Stephen Harper has done an admirable job of convincing Canadians that he is a federalist. Think back to his repeated comments about the "culture of defeat" in the Atlantic provinces from May 2001 and again on May 29th and 30th, 2002. Amazingly, in October 2008 (coincidentally, or perhaps not, during a national election campaign), he was suddenly proud of his New Brunswick roots and told Eastern Canadians how he became emotional when he came back to his "home province". It is most interesting that he was born and raised in Toronto, the dreaded capital of Upper Canada to those of us in the Maritimes and the dreaded home to the "Eastern Creeps and Bums" of Alberta's Premier Ralph Klein. Strangely enough, mention of his Toronto roots were nonexistent during my 20 year tenure in his Calgary West riding.
In 1993, the National Citizen's Coalition, a right-leaning, conservative lobby group supported Stephen Harper's bid to run as the Reform Party candidate in the Calgary West riding.

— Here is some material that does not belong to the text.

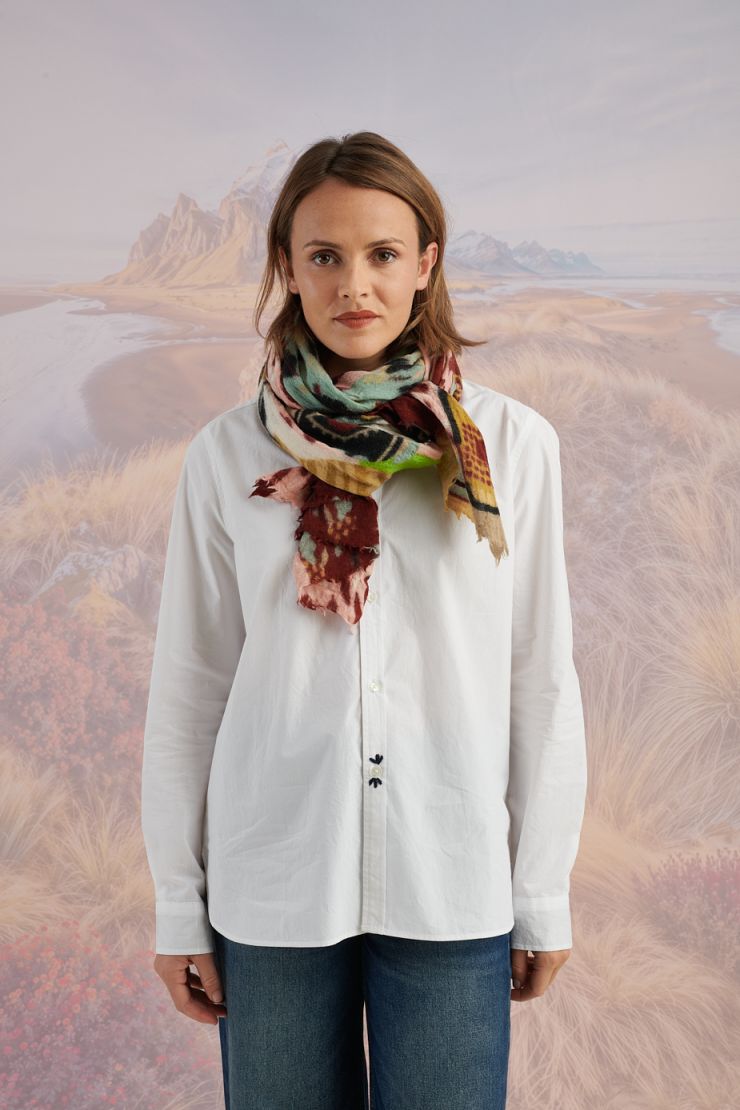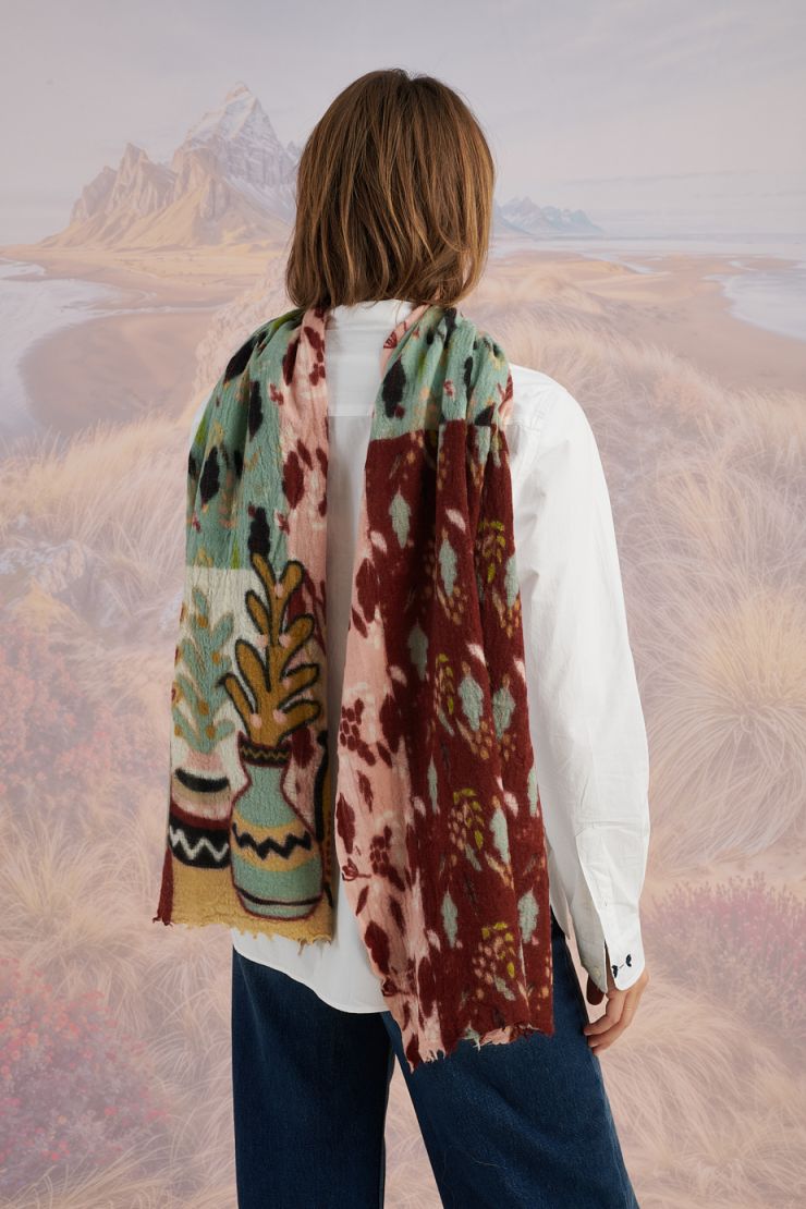 ¿El motivo favorito del equipo Panda? ¡Las flores, por supuesto! Perfecto para traer alegría a un look de invierno. Esta escarpa gruesa y caliente de lana es desclinada en verde pero también en otros colores. Clín de vista para el estilo vichy en la borda. Tamaño 80 x 190 cm.

In 1997, when Harper left the Reform Party, he became President of the NCC until 2002 when he ran to seek the leadership of the Canadian Alliance Party. Under his guidance, in 2001, he and several other prominent Albertans wrote an "open letter" to Ralph Klein (then Premier of Alberta) that was published in the National Post in January 2001. In this letter, he outlines the "Alberta Agenda" and states that:
"It is imperative to take the initiative, to build firewalls around Alberta, to limit the extent to which an aggressive and hostile federal government can encroach upon legitimate provincial jurisdiction."
"We believe the time has come for Albertans to take greater charge of our own future. This means resuming control of the powers that we possess under the constitution of Canada but that we have allowed the federal government to exercise. Intelligent use of these powers will help Alberta build a prosperous future in spite of a misguided and increasingly hostile government in Ottawa."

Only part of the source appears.